■ PROBLEM TO WORK ON ■
The result should be the full listing copied exactly, with no pictures in it.

■ DATASET RECORDS ■
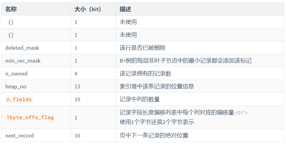 delete_mask:- 这个属性标记着当前记录是否被删除,占用1个二进制位。
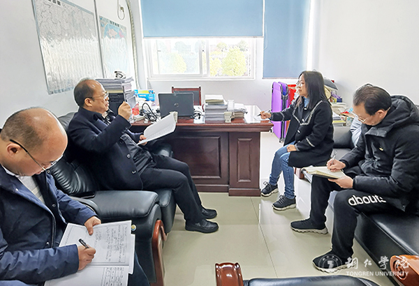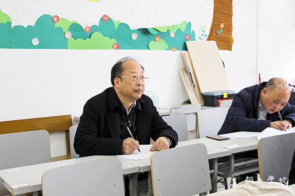 校长侯长林与教育学院副院长白强和授课教师田印红交流
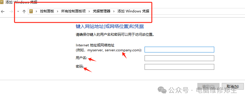 打开凭证管理窗口后,我们要点击“添加凭证”按钮。点击之后,会出现一个新的输入界面,其中有一个重要的部分是“地址栏”。在这个地址栏里,我们需要填写共享打印机主机的相关信息。这里有两种填写方式,一种是填写共享打印机主机的IP地址,另一种方式是直接填写主机的设备名称,设备名称通常是我们为这台主机自定义的一个便于识别的名称。
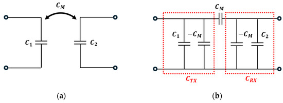 In order to design an appropriate matching network, it is necessary to obtain an equivalent circuit to the represent coupler. As shown in Figure 2a, the general capacitive coupler can be expressed by mutual capacitance and equivalent capacitances and on both sides. Since a total of six electric field couplings can be generated in a four-plate CPT coupler, the equivalent capacitance components and mutual capacitance can be represented as six electric field couplings using Equation (1).
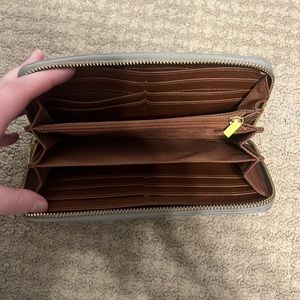 Zip up Fossil wallet. Grey, cream, white, and black color’s with gold zippers. Slight discolouration on front (see last picture). Good used condition. All zippers work great, however the front zipper pull has fallen off before but you are able to put it back on. Lots of card slots and room for cash.
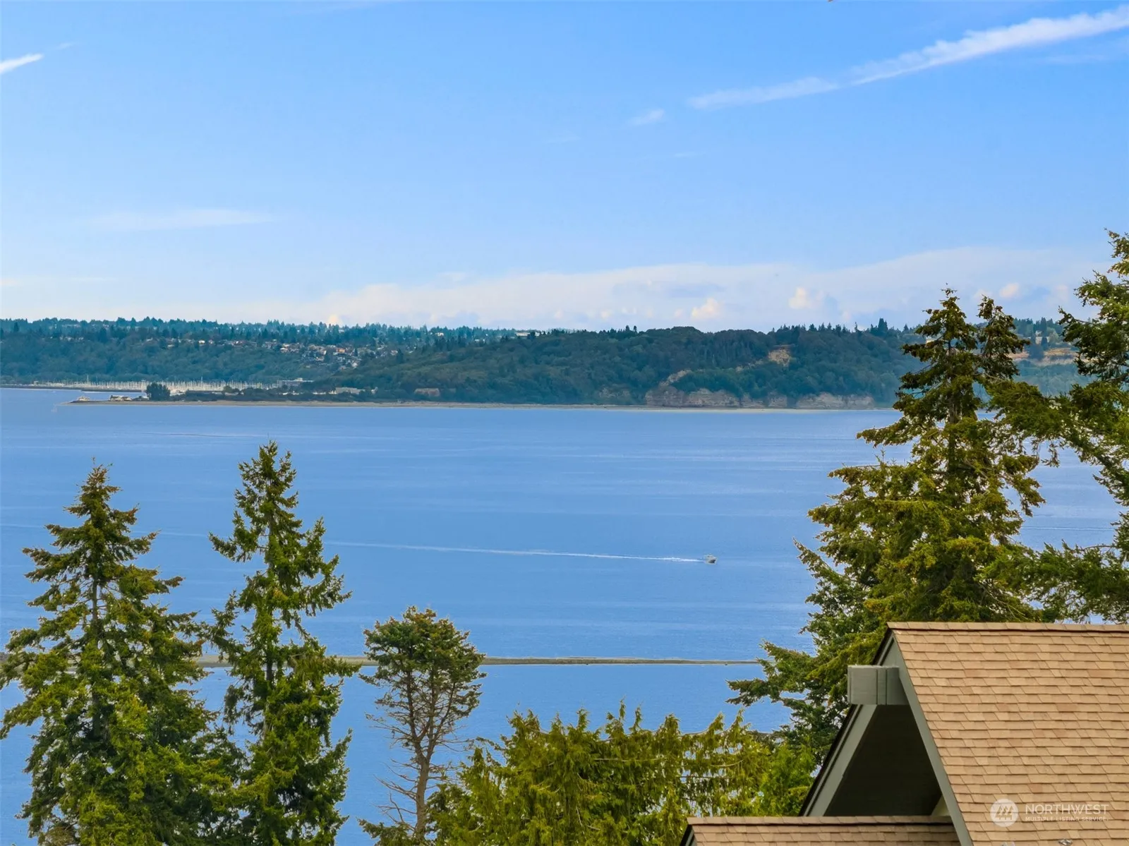 Watch ferries glide by from this stunning remodeled home with views of Puget Sound and Eagle Harbor. Neutral color palette combined with well-proportioned rooms create a tranquil and welcoming ambiance. The huge gourmet kitchen is the heart of the home, with high-end appliances, large marble work surfaces and ample storage. The open floor plan with light oak hardwood floors and abundant windows let natural light stream in. Most every room in the home enjoys water views, even the lower level. The primary bedroom and marble spa-like bath are located on the main floor. The lower level has a large recreation room, 2nd bedroom, home gym and office. Great water views. Home is equipped with a whole house auto generator and electric car charger.
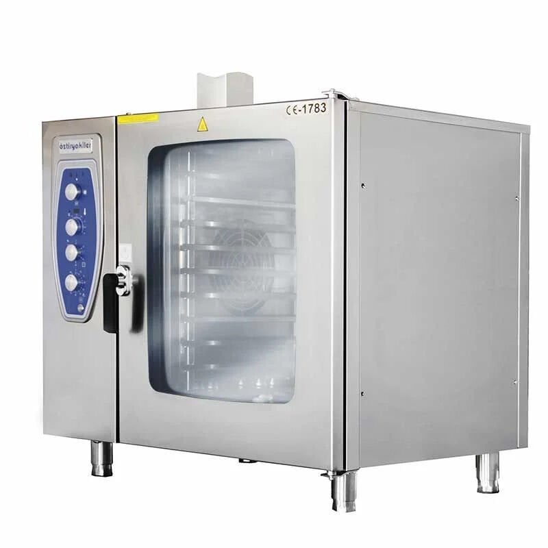 Öztiryakiler OKFE 102 Fırın, endüstriyel mutfaklarda yüksek verimlilik sunan elektrikli bir konveksiyonlu fırındır. 10 GN 2/1 veya 20 GN 1/1 tepsi kapasitesine sahip olması sayesinde geniş miktarda yiyeceği aynı anda pişirme imkânı sunar. Paslanmaz çelik gövdesi ve kullanıcı dostu özellikleriyle öne çıkan bu fırın, profesyonel işletmelerin tercih ettiği güvenilir bir çözümdür.
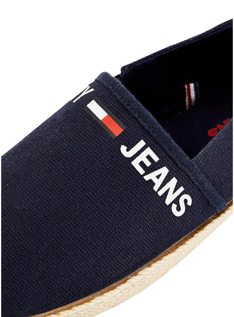 Espadrilles Tommy Jeans. Modelo do logotipo da Espadrille. Cor da Marinha. Logótipo no peito do pé. Parte de cima feito de algodão. Sola borracha. Palmilha de algodão.
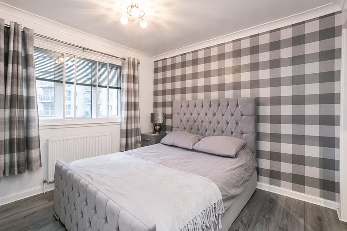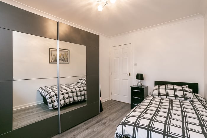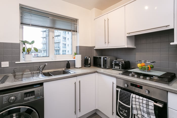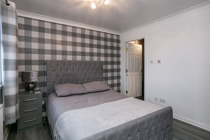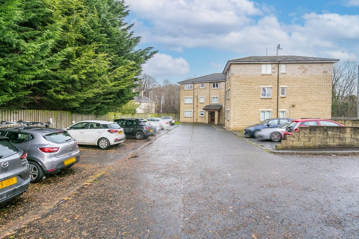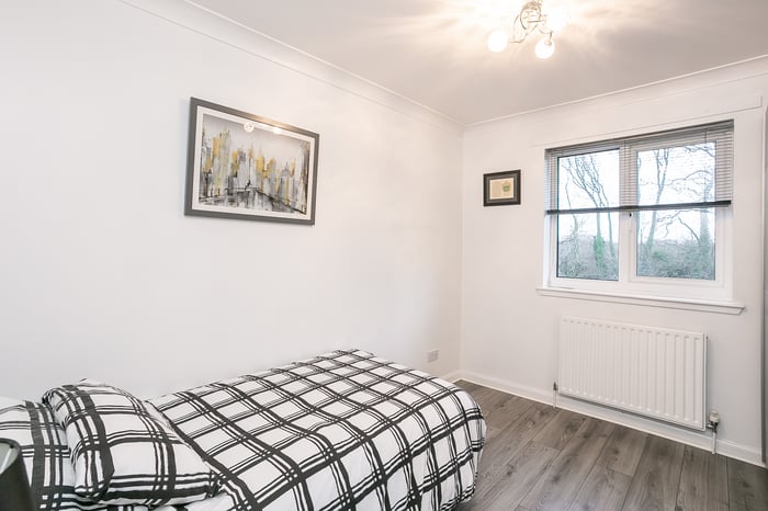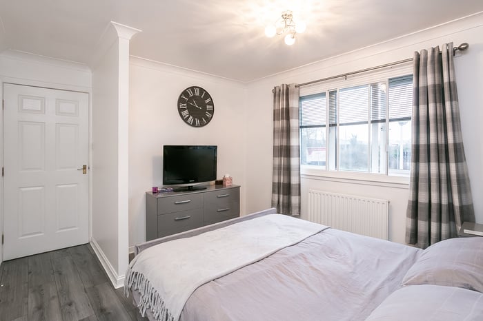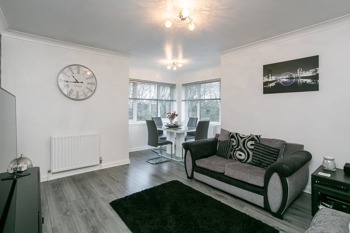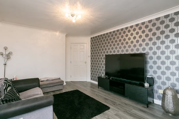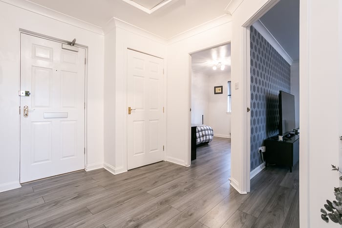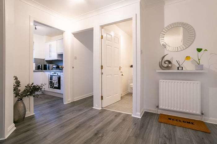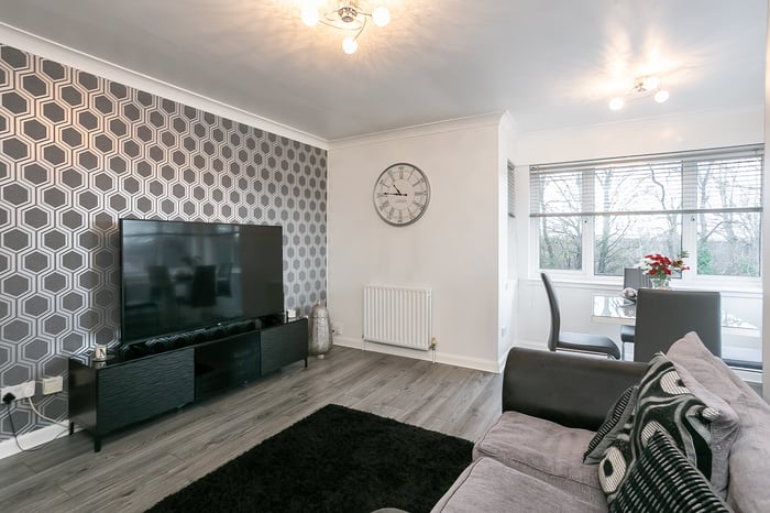 Immaculately-presented, two-bedroom, corner aspect, second (top) floor apartment, with an allocated parking space. Set in modern, factored, residential development in Cambuslang, southeast of Glasgow. A welcoming entrance affords access throughout the property and features a built-in cupboard and modern wood effect flooring continuing throughout the majority of the rooms.
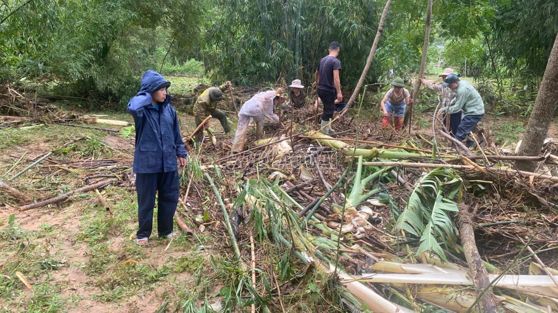 Hiện xã đang huy động nhiều lực lượng tham gia: Hội Nông dân, Hội Phụ nữ và người dân các thôn bản tập trung dọn vệ sinh môi trường, khơi thông kênh mương, thu dọn hoa màu hư hại; đoàn thanh niên san gạt đất đá, phát dọn cây cối đổ ngã; lực lượng dân quân tự vệ phối hợp công an xã tuần tra, kiểm soát các điểm sạt lở, cắm biển cảnh báo nguy hiểm, hướng dẫn phương tiện, nhất là ô tô, xe tải trọng lớn, hạn chế lưu thông qua những đoạn đường hư hỏng.
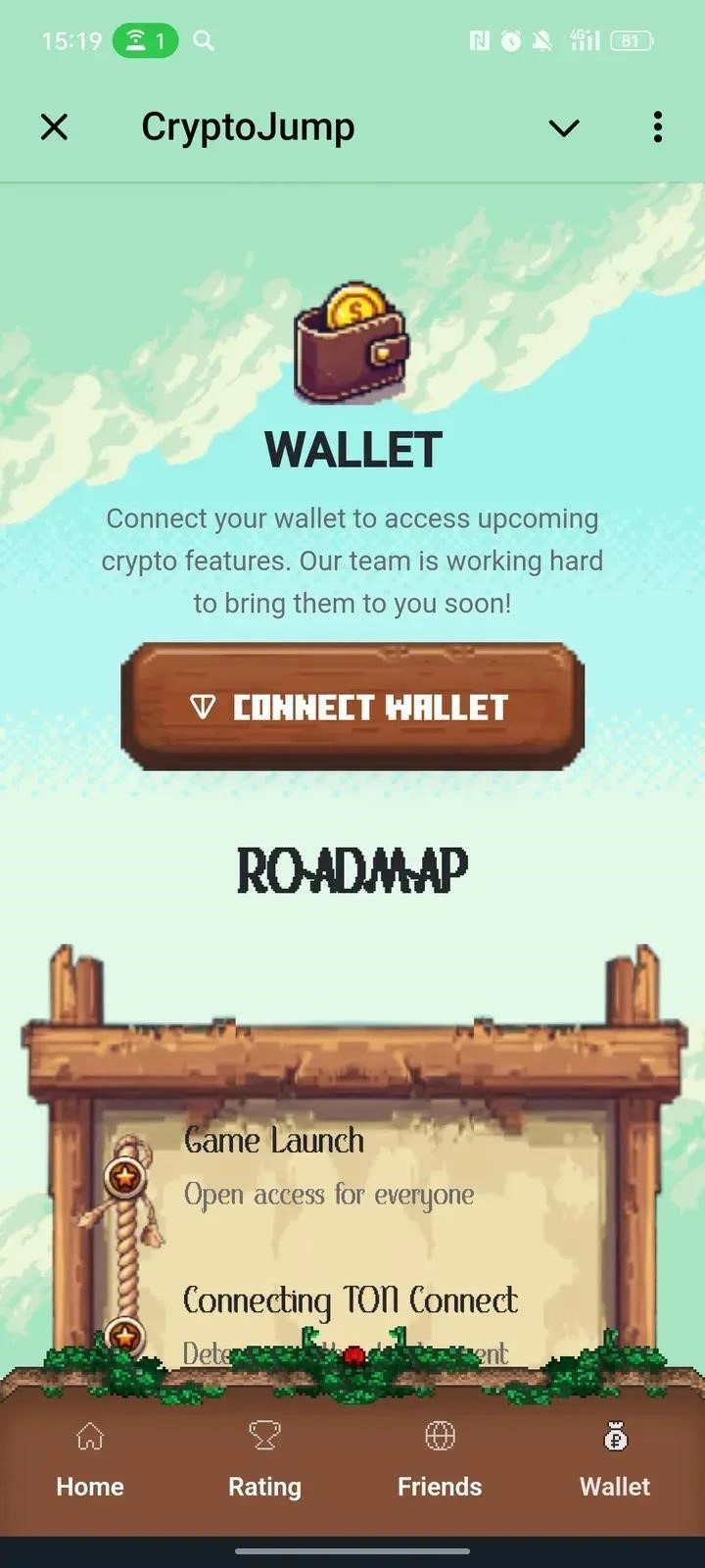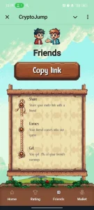 CryptoJump - аркадная мини-игра, в которой юзеры управляют персонажем, совершающим прыжки на платформы. В процессе можно зарабатывать внутриигровую валюту JumpCoins и соревноваться с другими пользователями в рейтингах. Простая механика и динамичный геймплей делают игру доступной и увлекательной для коротких игровых сессий.
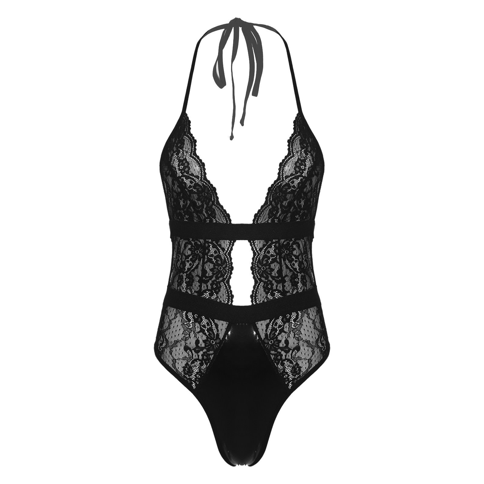 Women Plunging Neckline Halter Lace-up High Cut Bodysuit Patent Leather Patchwork See-through Lace Leotard Catsuit.
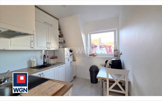 Drugi poziom mieszkania stanowi przedpokój z dużą szafą w zabudowie z drzwiami przesuwnymi, oferującą dodatkową przestrzeń do przechowywania. Oddzielna kuchnia, urządzona w stylu skandynawskim, wyróżnia się jasną kolorystyką, minimalizmem i ciepłem naturalnego drewna. Kuchnia została w pełni wyposażona w sprzęt AGD, w tym zmywarkę, piekarnik oraz płytę indukcyjną.
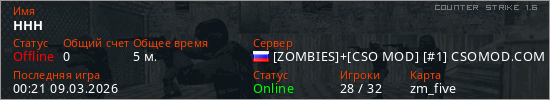 Играет на Counter Strike 1.6 сервере. Страна: РоссияПервый раз замечен 00:00 09.03.2026

■ WRITTEN SOLUTION ■
 delete_mask:- 这个属性标记着当前记录是否被删除,占用1个二进制位。
 校长侯长林与教育学院副院长白强和授课教师田印红交流
 打开凭证管理窗口后,我们要点击“添加凭证”按钮。点击之后,会出现一个新的输入界面,其中有一个重要的部分是“地址栏”。在这个地址栏里,我们需要填写共享打印机主机的相关信息。这里有两种填写方式,一种是填写共享打印机主机的IP地址,另一种方式是直接填写主机的设备名称,设备名称通常是我们为这台主机自定义的一个便于识别的名称。
 In order to design an appropriate matching network, it is necessary to obtain an equivalent circuit to the represent coupler. As shown in Figure 2a, the general capacitive coupler can be expressed by mutual capacitance and equivalent capacitances and on both sides. Since a total of six electric field couplings can be generated in a four-plate CPT coupler, the equivalent capacitance components and mutual capacitance can be represented as six electric field couplings using Equation (1).
 Zip up Fossil wallet. Grey, cream, white, and black color’s with gold zippers. Slight discolouration on front (see last picture). Good used condition. All zippers work great, however the front zipper pull has fallen off before but you are able to put it back on. Lots of card slots and room for cash.
 Watch ferries glide by from this stunning remodeled home with views of Puget Sound and Eagle Harbor. Neutral color palette combined with well-proportioned rooms create a tranquil and welcoming ambiance. The huge gourmet kitchen is the heart of the home, with high-end appliances, large marble work surfaces and ample storage. The open floor plan with light oak hardwood floors and abundant windows let natural light stream in. Most every room in the home enjoys water views, even the lower level. The primary bedroom and marble spa-like bath are located on the main floor. The lower level has a large recreation room, 2nd bedroom, home gym and office. Great water views. Home is equipped with a whole house auto generator and electric car charger.
 Öztiryakiler OKFE 102 Fırın, endüstriyel mutfaklarda yüksek verimlilik sunan elektrikli bir konveksiyonlu fırındır. 10 GN 2/1 veya 20 GN 1/1 tepsi kapasitesine sahip olması sayesinde geniş miktarda yiyeceği aynı anda pişirme imkânı sunar. Paslanmaz çelik gövdesi ve kullanıcı dostu özellikleriyle öne çıkan bu fırın, profesyonel işletmelerin tercih ettiği güvenilir bir çözümdür.
 Espadrilles Tommy Jeans. Modelo do logotipo da Espadrille. Cor da Marinha. Logótipo no peito do pé. Parte de cima feito de algodão. Sola borracha. Palmilha de algodão.
 Immaculately-presented, two-bedroom, corner aspect, second (top) floor apartment, with an allocated parking space. Set in modern, factored, residential development in Cambuslang, southeast of Glasgow. A welcoming entrance affords access throughout the property and features a built-in cupboard and modern wood effect flooring continuing throughout the majority of the rooms.
 Hiện xã đang huy động nhiều lực lượng tham gia: Hội Nông dân, Hội Phụ nữ và người dân các thôn bản tập trung dọn vệ sinh môi trường, khơi thông kênh mương, thu dọn hoa màu hư hại; đoàn thanh niên san gạt đất đá, phát dọn cây cối đổ ngã; lực lượng dân quân tự vệ phối hợp công an xã tuần tra, kiểm soát các điểm sạt lở, cắm biển cảnh báo nguy hiểm, hướng dẫn phương tiện, nhất là ô tô, xe tải trọng lớn, hạn chế lưu thông qua những đoạn đường hư hỏng.
 CryptoJump - аркадная мини-игра, в которой юзеры управляют персонажем, совершающим прыжки на платформы. В процессе можно зарабатывать внутриигровую валюту JumpCoins и соревноваться с другими пользователями в рейтингах. Простая механика и динамичный геймплей делают игру доступной и увлекательной для коротких игровых сессий.
 Women Plunging Neckline Halter Lace-up High Cut Bodysuit Patent Leather Patchwork See-through Lace Leotard Catsuit.
 Drugi poziom mieszkania stanowi przedpokój z dużą szafą w zabudowie z drzwiami przesuwnymi, oferującą dodatkową przestrzeń do przechowywania. Oddzielna kuchnia, urządzona w stylu skandynawskim, wyróżnia się jasną kolorystyką, minimalizmem i ciepłem naturalnego drewna. Kuchnia została w pełni wyposażona w sprzęt AGD, w tym zmywarkę, piekarnik oraz płytę indukcyjną.
 Играет на Counter Strike 1.6 сервере. Страна: РоссияПервый раз замечен 00:00 09.03.2026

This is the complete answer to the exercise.